No, you could make everything destructible, it just doesn't make sense gameplay wise (or reality wise).

UE even introduced some supposedly optimized system for that recently:


It would open up so many options, possibilities not just for action games, stealth games, RPGs and others but in general, in RTSs, RTTs, multiplayer games.
I'm all ears, please list such options in all those genres. RPG for example, how can Age of Decadence benefit from everything being breakable?

It's fun, it doesn't have to be realistic. It's a game after all.
Anyway, for those genres there are plenty of scenarios, I'm gonna mention only a few:
FPSs/TPSs: making shortcuts on the map by destroying walls or other obstacles, making high caliber weapons penetrate walls allowing skilled players to take precise shots at others even behind cover, using vehicles with high speed to drive in a direction and jump out letting said vehicle to break through/cut a path through enemy forces or structures (you could even plant bombs on it so you can detonate them after, like in Far Cry), hunting down a target that hid in a building protected by enemy forces and if you're in a helicopter you could just fire missiles at the building destroying it and everything inside or simply fly above it and parachute out letting the helicopter fall on the roof of the building, crushing it and everything inside and various others. This would work very well in GTA for example as you have many vehicles and a large map.

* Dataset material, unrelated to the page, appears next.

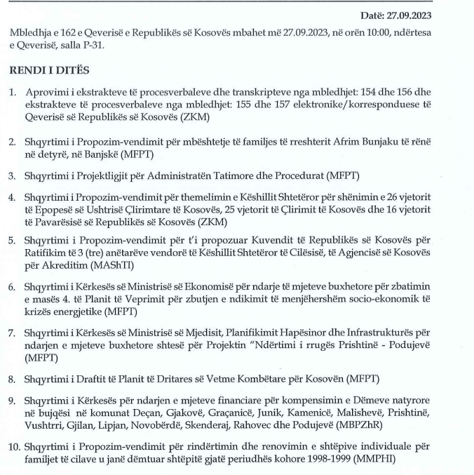 Kjo është pika e dytë e rendin të mbledhjes së Qeverisë.

Stealth games: creating entry/exit points into a facility, using drones to to scout as well as disabling lights that normally cannot be shot or taken out in any other way by simply destroying/cutting the wire connecting the light to the power source, accessing vents that are normally inaccessible, destroying locks if you can't pick them, using a loud explosion to create a diversion as well as an entry/exit point into a place, destroying parts of the level to prevent or alter NPC patrol routes, again using drones to disable a security system or generator, causing a temporary blackout allowing you to move, complete objectives undetected. Just off the top of my head.

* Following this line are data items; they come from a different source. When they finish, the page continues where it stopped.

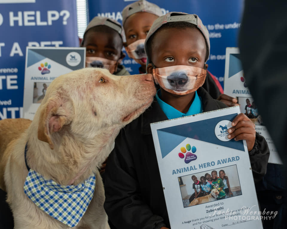 The Magnificent 5 then went over to Pick n Pay where they were given a backpack filled with clothing, a water bottle, a soccer ball, colouring kits and books, modelling clay, and sweets and snacks. The community donated dog food to AWS and the boys were given hero awards too!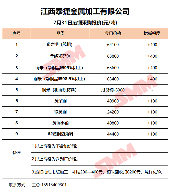 今日江西泰捷,废铜采购报价已更新,有货的朋友欢迎联系我们!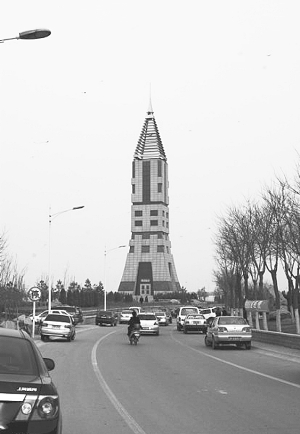④这个“冀”字形塔建筑成了汊河湿地公园的标志性建筑。
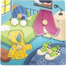 Drevené puzzle s časťami odevov od renomovanej značky Viga ponúka nielen tradičnú skladačku, ale aj umožňuje deťom rozvíjať jemnú motoriku a schopnosť rozpoznávania tvarov. Puzzle navyše pomáhajú ⚡ zlepšiť logické myslenie, ⚡ koncentráciu a ⚡ pamäť detí.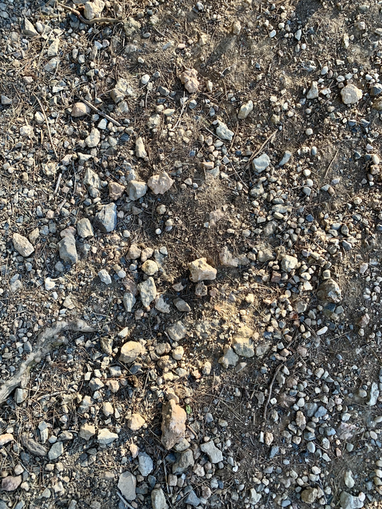 •Un rettangolo all’interno del quale c’è ghiaia sparsa. A rectangle inside which there is scattered gravel.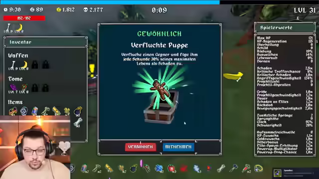 00:21:11Der Streamer demonstriert die Mobilität des Charakters und sammelt Schreine und Power-Ups, wobei er die Projektilanzahl erhöht und legendäre Power-Ups wie das Hunt Tool nutzt. Er nimmt jede Schwierigkeits-Taube mit, um mehr Gegner zu erzeugen und somit mehr Kills zu erzielen. Der Knochen wird mit Projektilanzahl und Abprallern verstärkt, um einen Cleaver-Effekt zu erzielen. Elite-Spawns werden erhöht, um mehr Chancen auf Kisten zu haben. Er ignoriert zunächst die meisten Gegner, um die Map nach Schreinen und Händlern abzusuchen, wobei er Rüstung, Gold und Glück priorisiert. Glück erhöht die Chance auf bessere Upgrades. Vasen werden für zusätzliches Geld und XP mitgenommen. Er wählt Glück und Projektilanzahl als Tomes und freut sich über die hohe Mobilität seines Charakters. Er erwägt den Einsatz von Flüchen gegen Bosse und priorisiert zusätzliche Sprünge, um mobil zu bleiben und Geistern auszuweichen.

RPGs: investing in strength allowing powerful characters to crumble walls, destroy support beams, pillars causing the ceiling to fall on enemies, breaking down doors, push heavy objects, throw them on enemies or rooftops creating an access point for a more agile character, destroying various walls therefore bypassing checkpoints or ambushes. It would depend on the level design and verticality as well as NPC placement to choose how/where to use this feature.
RTSs/RTTs: in most RTSs, when moving armies, they have to go around forests, rivers, mountains, hills etc instead of using artillery to cut a path through forests or altering the course of a river by destroying a nearby tower for example causing to fall over and temporarily block the flow of water or by shelling and making a hole in the ground where some of the water from the river can accumulate allowing temporary safe traversal through shallow water (again, it doesn't have to be realistic), in Desperados, using the guy with the dynamite to blow up a building filled with enemies, or carrying a barrel near a wall and detonating it, or using a minigun to shoot inside a building killing everyone in there, using Sanchez to break down doors, smaller fences and whatever else, in Commandos, using your spy to infiltrate and plant explosives to allow your other characters entry, destroy generators, lights, walls, buildings, lookout towers etc. Haven't played it in years so I don't remember much from it.

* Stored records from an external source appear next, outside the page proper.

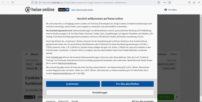 Besuchen Sie eine Webseite zum ersten Mal, werden Sie in der Regel über die Nutzung von Cookies aufgeklärt. Sie können der Nutzung dann zustimmen, sie ablehnen oder nur technisch notwendigen Cookies zustimmen. Manchmal können Sie technisch notwendigen Cookies nur zustimmen und die Drittanbieter-Cookies ablehnen, wenn Sie auf "individuelle Einstellungen" klicken.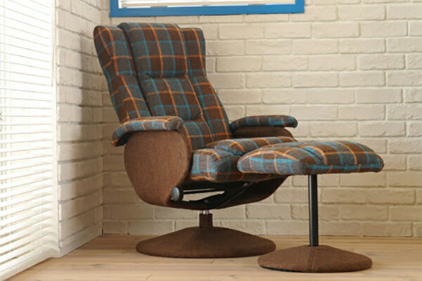- 軽快なデザインのチェアに、インテリアに調和しやすい ブラウンチェック柄の張地を合わせました パーソナルチェア リクライニングチェア チェア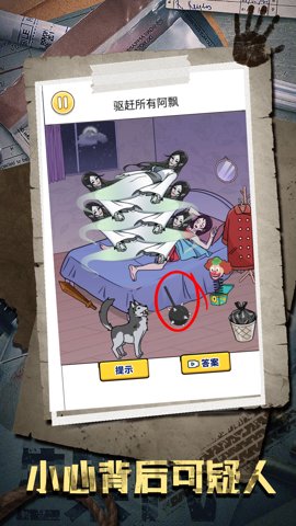 小心背后可疑人是一款引人入胜的解谜游戏,玩家将面临解开鬼压床谜团的挑战,需要通过观察和推理来找出场景中的可疑物品,最终成功完成任务。游戏的背景设定在一个神秘的环境中,玩家需要小心翼翼地避开可疑人物,同时解开隐藏在谜团中的秘密。 玩家需要运用自己的智慧和推理能力来分析场景,找出隐藏的线索并加以利用。

All of this stuff can be applied to these genres, not be limited to one. And it would depend on the game, the level design, the verticality.
In Firaxis XCOM 2, you can destroy a turret by blowing up the floor and causing it to fall. Enemies take fall damage as well. You can cut a path to extraction instead of going around large buildings. This also has a chance of starting fires that spread and further destroy the building.
In a Lost mission, if you get swarmed you can climb into an abandoned apartment building and blow up the access stairwells to prevent them from reaching you allowing you to farm them and wait for extraction. Again, only a few examples.
I don't understand why I have to explain this. The advantages are numerous and, to me, very obvious.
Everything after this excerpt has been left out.